Your instructions: Give every entry below again, exactly as written, and skip the images.

Supplied information:
++++++

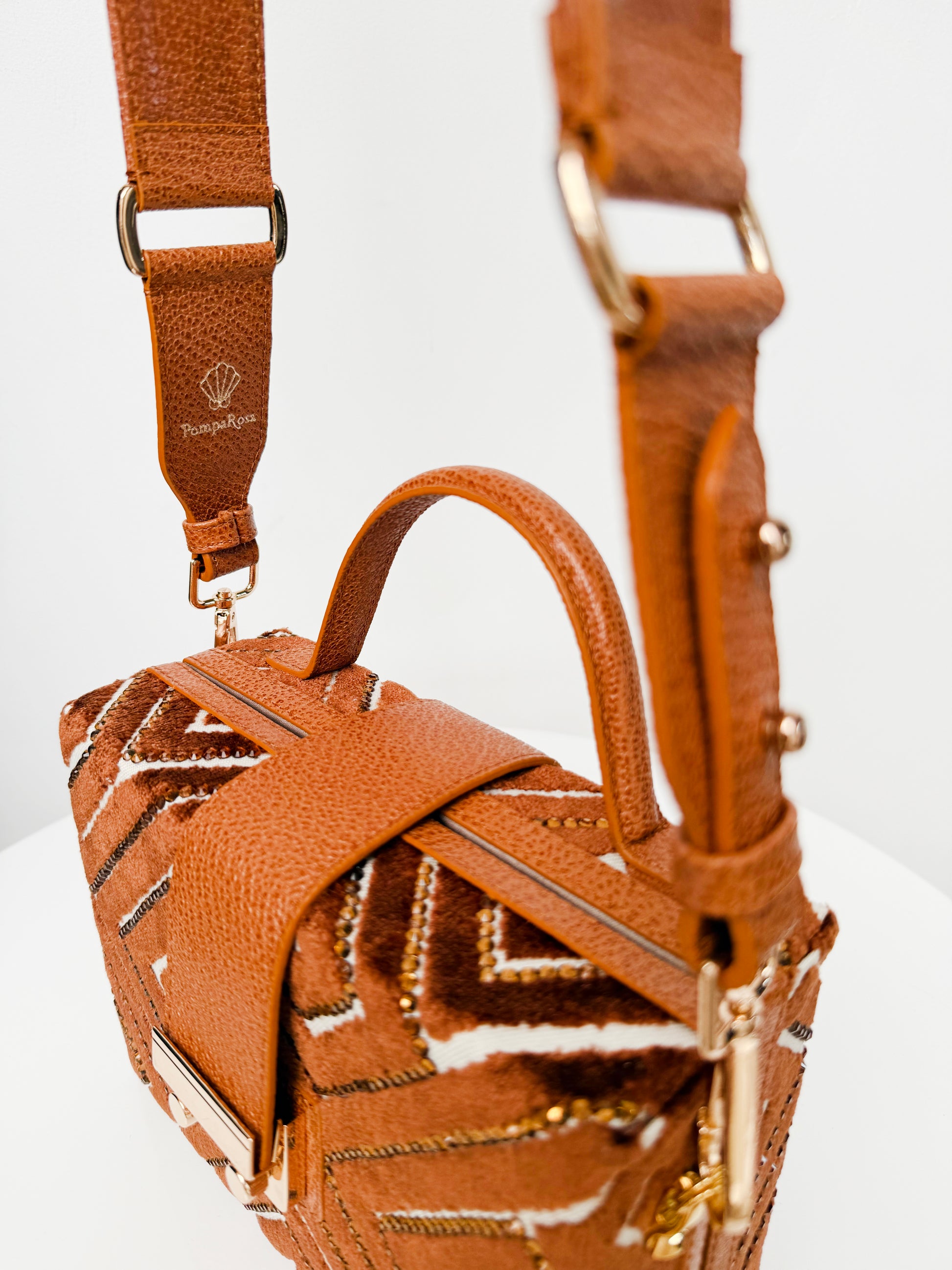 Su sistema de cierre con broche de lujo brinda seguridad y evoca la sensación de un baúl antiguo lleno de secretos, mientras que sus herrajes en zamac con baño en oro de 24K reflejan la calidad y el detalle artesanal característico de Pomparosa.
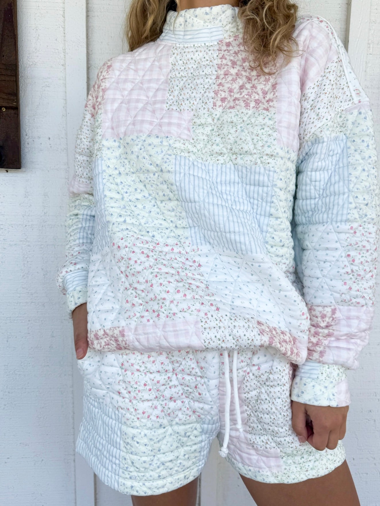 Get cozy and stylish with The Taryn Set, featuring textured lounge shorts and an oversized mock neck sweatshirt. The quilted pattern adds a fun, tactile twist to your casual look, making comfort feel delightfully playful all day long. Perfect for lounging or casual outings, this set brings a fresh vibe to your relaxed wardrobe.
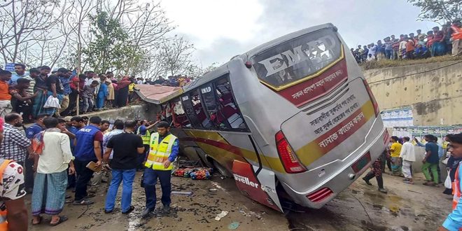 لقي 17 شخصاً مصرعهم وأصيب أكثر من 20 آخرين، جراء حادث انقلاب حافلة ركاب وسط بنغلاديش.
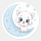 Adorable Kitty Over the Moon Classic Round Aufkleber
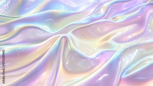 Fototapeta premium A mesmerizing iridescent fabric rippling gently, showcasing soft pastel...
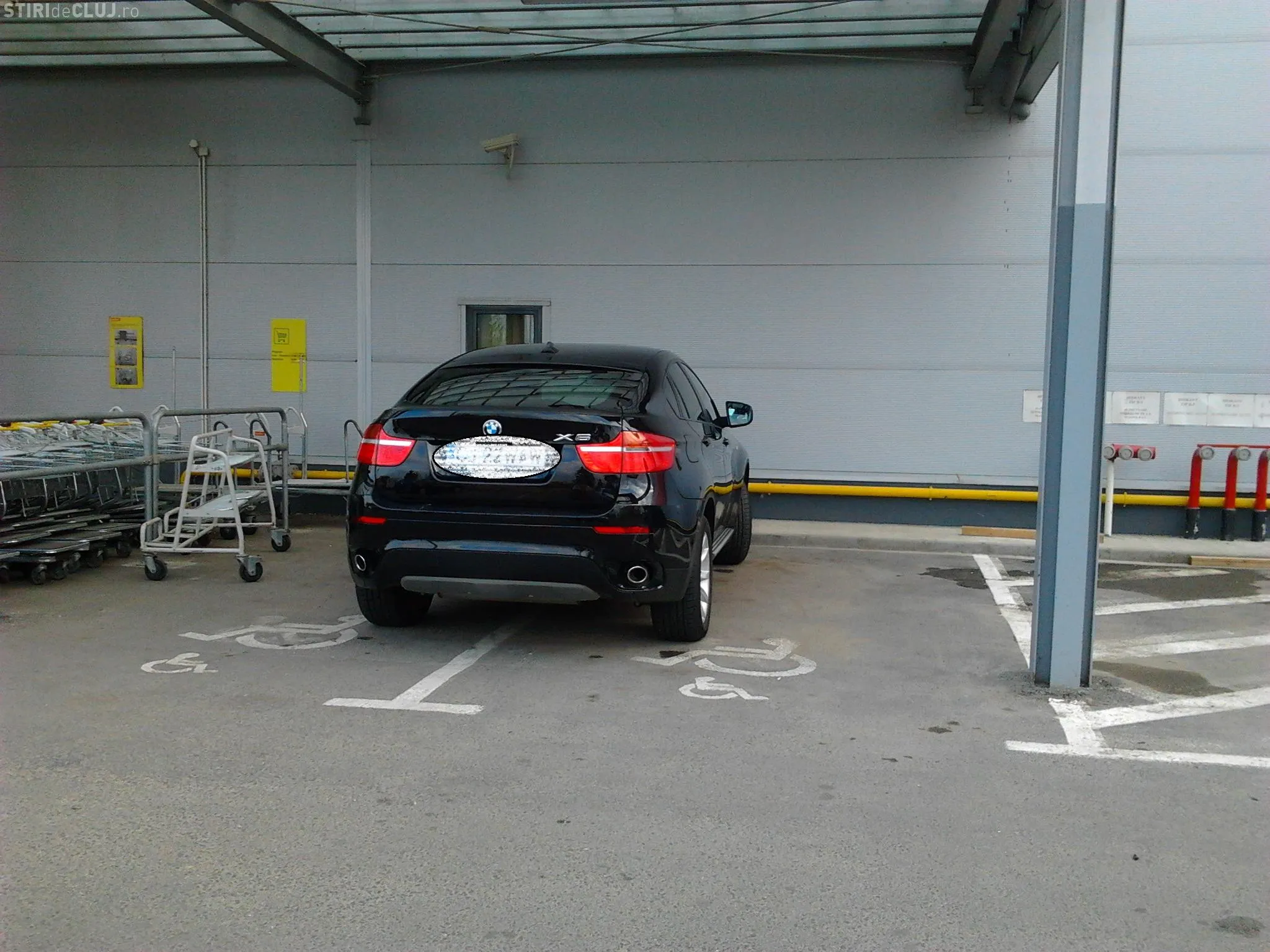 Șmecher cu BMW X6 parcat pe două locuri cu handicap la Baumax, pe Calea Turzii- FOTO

++++++

Exercise output:
 Su sistema de cierre con broche de lujo brinda seguridad y evoca la sensación de un baúl antiguo lleno de secretos, mientras que sus herrajes en zamac con baño en oro de 24K reflejan la calidad y el detalle artesanal característico de Pomparosa.
 Get cozy and stylish with The Taryn Set, featuring textured lounge shorts and an oversized mock neck sweatshirt. The quilted pattern adds a fun, tactile twist to your casual look, making comfort feel delightfully playful all day long. Perfect for lounging or casual outings, this set brings a fresh vibe to your relaxed wardrobe.
 لقي 17 شخصاً مصرعهم وأصيب أكثر من 20 آخرين، جراء حادث انقلاب حافلة ركاب وسط بنغلاديش.
 Adorable Kitty Over the Moon Classic Round Aufkleber
 Fototapeta premium A mesmerizing iridescent fabric rippling gently, showcasing soft pastel...
 Șmecher cu BMW X6 parcat pe două locuri cu handicap la Baumax, pe Calea Turzii- FOTO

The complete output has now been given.